Thanks for any other insights into possible explanations for the strange Webmaster Tools numbers.
| 8:43 pm on Jul 25, 2008 (gmt 0)|
Just to keep a running record on this thread (since I haven't found any others on this topic), here's Google's help information on the topic (source: [tinyurl.com...]
"The stats on my Sitemap Details page don't look accurate. Why not?
The stats on the Sitemap Details page are a close approximation of the status of your URLs. However, this figure might not be 100% accurate. Our internal systems are always changing, and the web itself is an ever-shifting ecosystem. In addition, there may be a lag between when the numbers are calculated and when they are visible to webmasters.
We don't guarantee that our system will index all the URLs in a Sitemap. In addition, we don't index images directly (instead, we index the page that contains the image). As a result, direct image URLs in your Sitemap won't be indexed."
| 8:52 pm on Jul 25, 2008 (gmt 0)|
More from Google (source: [tinyurl.com...] that makes it sound like the Webmaster Tools reported numbers *should* be reasonable reliable:
Q: If it doesn't get me automatically crawled and indexed, what does a Sitemap do?
A: Sitemaps give information to Google to help us better understand your site. This can include making sure we know about all your URLs, how often and when they're updated, and what their relative importance is. Also, if you submit your Sitemap via Webmaster Tools, we'll show you stats such as how many of your Sitemap's URLs are indexed. Learn more.

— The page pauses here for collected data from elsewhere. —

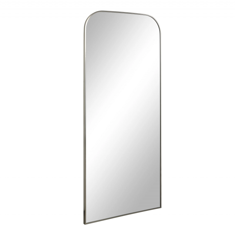 Elevate any contemporary space with the clean lines of this modern full-length mirror. Perfect for providing fashionable function in a bedroom, entryway, living room, or office, its crystal-clear mirror glass delivers a distortion-free reflection while its brushed nickel-plated frame lends a high-end look that suits today’s stylish spaces. Product Details: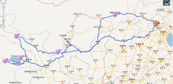 2、北京-石家庄-郑州-西安-宝鸡-天水-兰州-西宁-日月山-青海湖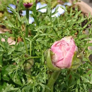 ラナンキュラス 🌼✨ つぼみ 前回 upしたのとは違う形の蕾になります 左奥に、前回と同じタイプの雌しべが覗いた感じの蕾が見えてます👀 沢山の蕾が出てきてるのですが、 何か蕾の形が 2タイプ ある……🤔? 何か違うのかしら❔ 初めて植えたお花は、 咲いてみるまで、あらゆる事がハラハラ ヒヤヒヤ💦です😅 早く咲いて~❣️✨

| 11:26 pm on Jul 25, 2008 (gmt 0)|
Greyhound4334, I just have a quick question. When you say "a grossly inadequate" number of links, what do you mean? Do they have low-quality links, under 100 links, what? I'm kind of new to this world, so (while I realize this is not the topic of this post) was wondering if you could give me a bit of insight. Thanks
| 12:23 am on Jul 26, 2008 (gmt 0)|
well,it's all relative. the bottom line is that while the site is well structured and has good "on site optimization", it's not yet ranking well, and the key to solving that is getting more links. More good quality links, in particular. To be even more precise, links from "trusted", "authoritative" sites within their domain. An ideal link is from a high quality, relevant page on a "trusted"*, relevant site with anchor text that matches your desired keywords. Sometimes you can't get the ideal link, but you should strive for something as close to that as possible.
*A site that has, itself, established credibility with Google by having good content and good links pointing at it.
So in a nutshell, they don't have enough of those to rank well for our desired keywords. Our job is to find a way to help them get those (organically, not purchasing them).
Hope that helps,
| 3:06 pm on Aug 29, 2008 (gmt 0)|
Will external links building could improve the site indexing?
| 4:09 pm on Aug 29, 2008 (gmt 0)|
With the site: command, have you tried going all the way to the end, the last page? Once you reach the last page, you will sometimes notice the total number of URLs changes when you reach the end especially for a very large site.
I sometimes feel the total number of results on page 1 of Google is somewhat like an estimate that gets more accurate are you go down the pages.
So sometimes it appears to be too many but when you reach the end it is not as many as you think.
Aside from that... when you reach the last page, sometimes the pages that are too similar in content are all collapsed at the last page and if you open it up, it will be indented results.
| 2:29 am on Aug 30, 2008 (gmt 0)|
You're right about that, Benj. In fact, the early numers you see usually say "of about nnnn pages" but by the end of the line, the word "about" sometimes goes away.